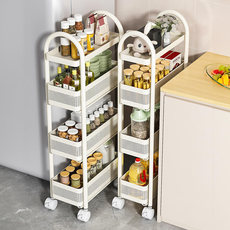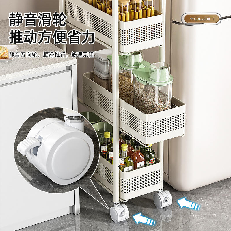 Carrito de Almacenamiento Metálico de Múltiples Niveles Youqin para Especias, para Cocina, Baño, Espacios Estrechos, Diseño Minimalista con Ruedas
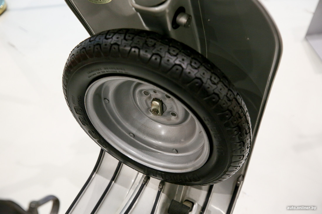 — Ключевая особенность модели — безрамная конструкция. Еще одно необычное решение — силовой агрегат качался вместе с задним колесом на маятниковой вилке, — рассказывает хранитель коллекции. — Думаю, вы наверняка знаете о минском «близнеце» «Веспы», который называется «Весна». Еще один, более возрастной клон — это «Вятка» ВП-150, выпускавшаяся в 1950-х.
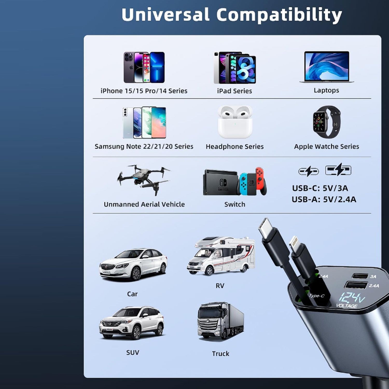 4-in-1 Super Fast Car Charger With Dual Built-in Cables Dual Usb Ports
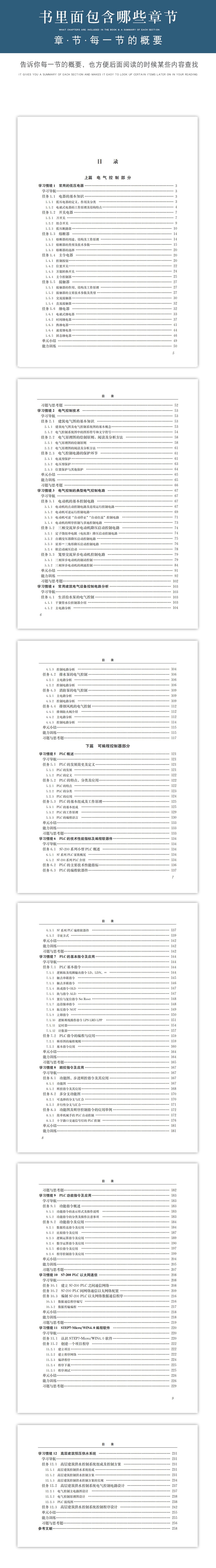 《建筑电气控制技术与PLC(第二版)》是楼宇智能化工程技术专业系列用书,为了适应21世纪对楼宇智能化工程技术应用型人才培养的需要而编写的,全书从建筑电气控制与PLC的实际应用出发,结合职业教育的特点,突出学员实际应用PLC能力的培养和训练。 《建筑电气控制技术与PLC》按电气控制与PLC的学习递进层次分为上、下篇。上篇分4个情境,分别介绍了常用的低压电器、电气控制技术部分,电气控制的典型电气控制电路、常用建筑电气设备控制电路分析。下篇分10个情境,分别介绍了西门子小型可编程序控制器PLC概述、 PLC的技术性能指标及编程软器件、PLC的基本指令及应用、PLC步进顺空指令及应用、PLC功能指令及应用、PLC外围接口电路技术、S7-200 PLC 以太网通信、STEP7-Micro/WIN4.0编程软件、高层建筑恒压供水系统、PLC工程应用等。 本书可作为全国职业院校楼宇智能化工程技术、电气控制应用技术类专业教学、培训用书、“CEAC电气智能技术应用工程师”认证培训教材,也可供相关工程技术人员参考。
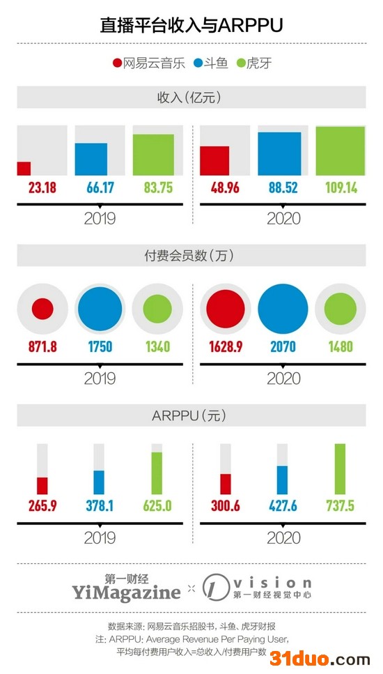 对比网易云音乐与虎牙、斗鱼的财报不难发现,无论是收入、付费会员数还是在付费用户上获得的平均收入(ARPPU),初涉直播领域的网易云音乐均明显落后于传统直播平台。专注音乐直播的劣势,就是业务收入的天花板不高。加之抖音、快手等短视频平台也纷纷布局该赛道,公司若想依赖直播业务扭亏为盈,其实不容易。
□ □ □ □ □
Once more, give the listing above exactly, leaving each picture out.

### Your response
 Carrito de Almacenamiento Metálico de Múltiples Niveles Youqin para Especias, para Cocina, Baño, Espacios Estrechos, Diseño Minimalista con Ruedas
 — Ключевая особенность модели — безрамная конструкция. Еще одно необычное решение — силовой агрегат качался вместе с задним колесом на маятниковой вилке, — рассказывает хранитель коллекции. — Думаю, вы наверняка знаете о минском «близнеце» «Веспы», который называется «Весна». Еще один, более возрастной клон — это «Вятка» ВП-150, выпускавшаяся в 1950-х.
 4-in-1 Super Fast Car Charger With Dual Built-in Cables Dual Usb Ports
 《建筑电气控制技术与PLC(第二版)》是楼宇智能化工程技术专业系列用书,为了适应21世纪对楼宇智能化工程技术应用型人才培养的需要而编写的,全书从建筑电气控制与PLC的实际应用出发,结合职业教育的特点,突出学员实际应用PLC能力的培养和训练。 《建筑电气控制技术与PLC》按电气控制与PLC的学习递进层次分为上、下篇。上篇分4个情境,分别介绍了常用的低压电器、电气控制技术部分,电气控制的典型电气控制电路、常用建筑电气设备控制电路分析。下篇分10个情境,分别介绍了西门子小型可编程序控制器PLC概述、 PLC的技术性能指标及编程软器件、PLC的基本指令及应用、PLC步进顺空指令及应用、PLC功能指令及应用、PLC外围接口电路技术、S7-200 PLC 以太网通信、STEP7-Micro/WIN4.0编程软件、高层建筑恒压供水系统、PLC工程应用等。 本书可作为全国职业院校楼宇智能化工程技术、电气控制应用技术类专业教学、培训用书、“CEAC电气智能技术应用工程师”认证培训教材,也可供相关工程技术人员参考。
 对比网易云音乐与虎牙、斗鱼的财报不难发现,无论是收入、付费会员数还是在付费用户上获得的平均收入(ARPPU),初涉直播领域的网易云音乐均明显落后于传统直播平台。专注音乐直播的劣势,就是业务收入的天花板不高。加之抖音、快手等短视频平台也纷纷布局该赛道,公司若想依赖直播业务扭亏为盈,其实不容易。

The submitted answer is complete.